Disons que j’ai été agréablement surpris. J’ai fait des découvertes, j’ai apprécié plusieurs projets, d’artistes aux personnalités touchantes. On sent que certains vont aller loin. C’est très beau. Une multiplicité d’approches et de démarches. Etre artiste, ce n’est pas une question d’âge, c’est une signature. Quelque chose les singularise, leur est propre, que je peux pointer sur leur travail. C’est la chose la plus importante. Tant qu’on fait des choses difficilement repérables, on ne sort pas du lot.

 

Qu’est ce qui détermine le succès du salon pour vous ? Est-ce le nombre de visiteurs ?

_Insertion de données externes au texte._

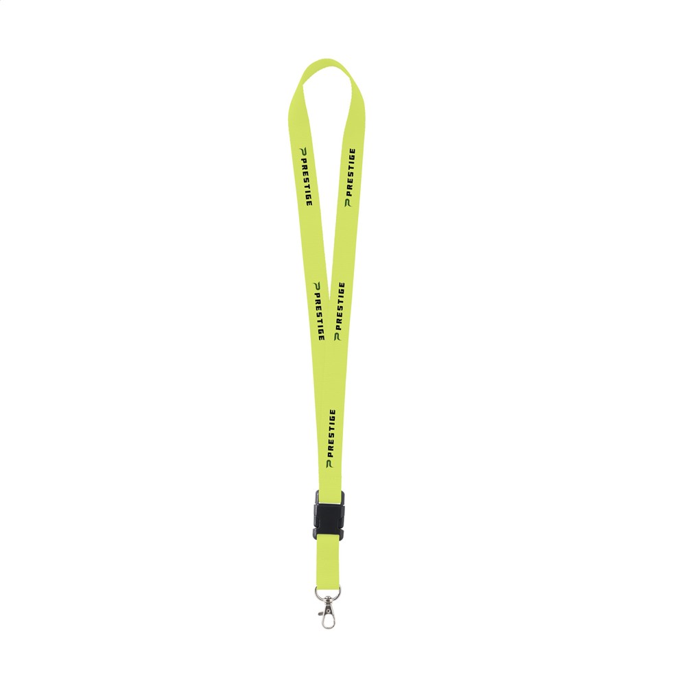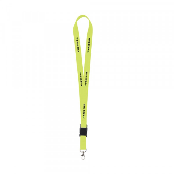Lanyard van sterk geweven polyester met metalen karabijnhaak. Het onderste gedeelte is los te koppelen d.m.v. een kunststof kliksysteem.

Non, c’est la qualité des œuvres exposées. J’ai envie d’entendre j’aime ceci ou je n’aime pas cela. Tout le monde n’a pas le même intérêt. Je vais écouter, je vais apprendre aussi.

 

Vos coups de cœur ?

Je trouve intéressant le travail d’Anne Le Troter dont l’installation interroge sur le traitement des souvenirs, des histoires personnelles transformé dans une sculpture non conventionnelle mêlée à des images. J’aime beaucoup Charlotte El Boussaed avec ses photos et vidéos sur la cuisine intergénérationnelle. Egalement Rémi Amiot qui fait un travail, à travers le papier, sur la perception de ce qui est invisible, sur la façon de donner une image à la respiration. Le dessin extraordinaire de Rémi Brière pour son store californien. Keita Mori, un artiste japonais qui a réalisé un travail incroyable avec du fil cousu à la place du crayon, d’une grande sophistication. Paul Vergier, Yassine Boussaadoun.

 

 

Ancien directeur du Frac Languedoc-Roussillon, président de IKT (International Association of Contemporary Art Curators), directeur artistique de la Nuit Blanche en 2003 et 2004, Ami Barak a organisé de nombreuses expositions emblématiques en France et à l’étranger.